Melupakan
“Masih ada hal penting yang ingin kubahas.”
“Masih ada? Apa lagi?”
“Entah kau merasa atau tidak, tetapi
kau mulai egois.”
“Egois? Apa maksudmu? Aku tak
mengerti.”
“Lupakan sajalah, percuma jika kau
tak merasa.”
“Nah, sekarang malah kau yang
berhenti di tengah-tengah.”
“Untuk apa dibahas jika kau saja tak
akan mengerti.”
“Gimana caranya aku mengerti jika kau
saja tak mau bahas.”
“Paling-paling hanya masuk telinga
kanan keluar telinga kiri.”
“Istilah itu. Bukankah lebih cocok
untukmu?”
“Apa maksudmu? Aku yang salah disini?
Padahal aku berusaha menyelesaikan masalah kita.”

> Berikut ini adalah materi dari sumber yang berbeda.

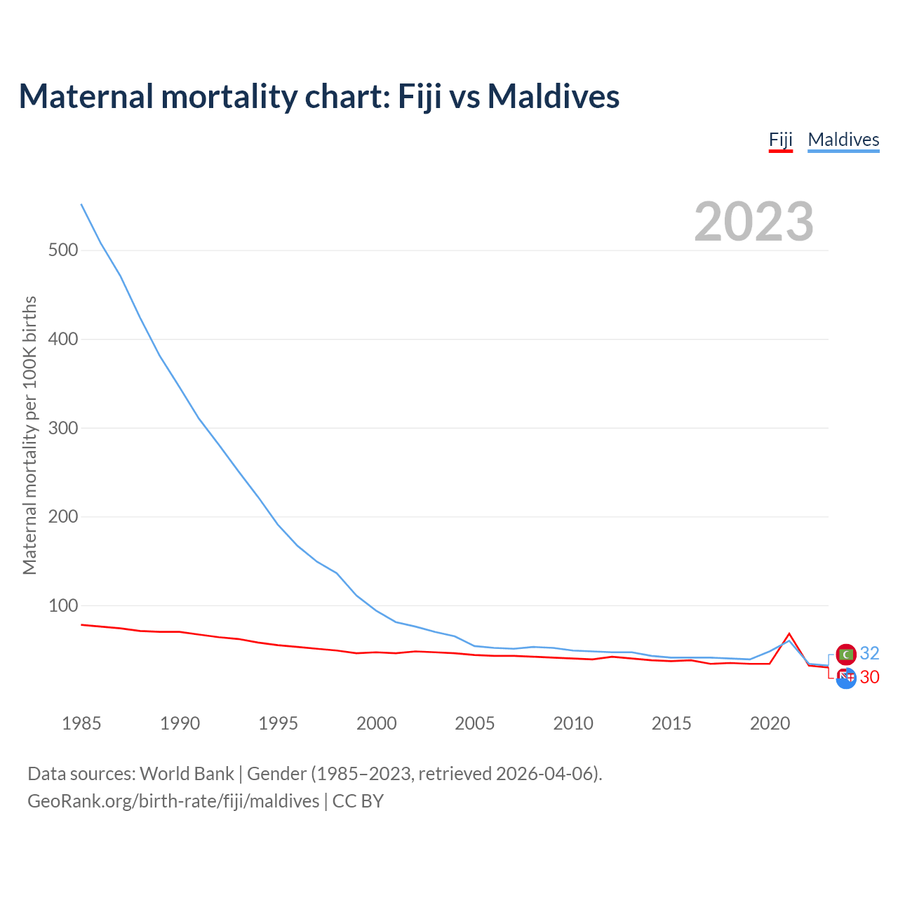 The maternal mortality rate, which is the probability of dying during childbirth or within 42 days of pregnancy termination, is 30 deaths per 100,000 live births in Fiji, compared to 32 deaths in Maldives.

“Namun sedari tadi yang kau lakukan
tidak menyelesaikan apa pun.”
“Kau yang membuat semuanya menjadi
rumit.”
“Ga akan jadi rumit kalau sejak awal
kau langsung jelaskan.”
“Ah, sudahlah kita langsung ke
intinya saja.”
“Aku juga ingin langsung saja. Mari kita
selesaikan perdebatan ini.”
“Nah, baiklah. Aku ingin kita
berpisah. Selamat tinggal.”
“Tunggu—“
Aku mencoba menahannya ketika ia akan
pergi. Mencoba meminta penjelasan yang tentu saja berakhir sia-sia, kami sempat
menaikkan suara masing-masing dengan tanganku yang masih berusaha menahan
lengannya.
Ia berusaha melepaskan diri. Memberontak
dengan amarah yang jelas terlihat. Aku pun menyadari bahwa hubungan ini tak
dapat dipertahankan lagi, dengan berat hati aku lepaskan lengannya.
Tanpa kuduga, dia mendorongku dengan
keras. Saat itu rasanya tubuhku kaku dan pikiranku kabur. Kini aku hanya bisa
memandangnya bersama lelaki lain. Berbahagia. Padahal belum lama ini ada kabar
mengerikan, tentang seseorang yang tertabrak mobil karena di dorong oleh
pasangannya setelah bertengkar hebat. Katanya korban meninggal di tempat.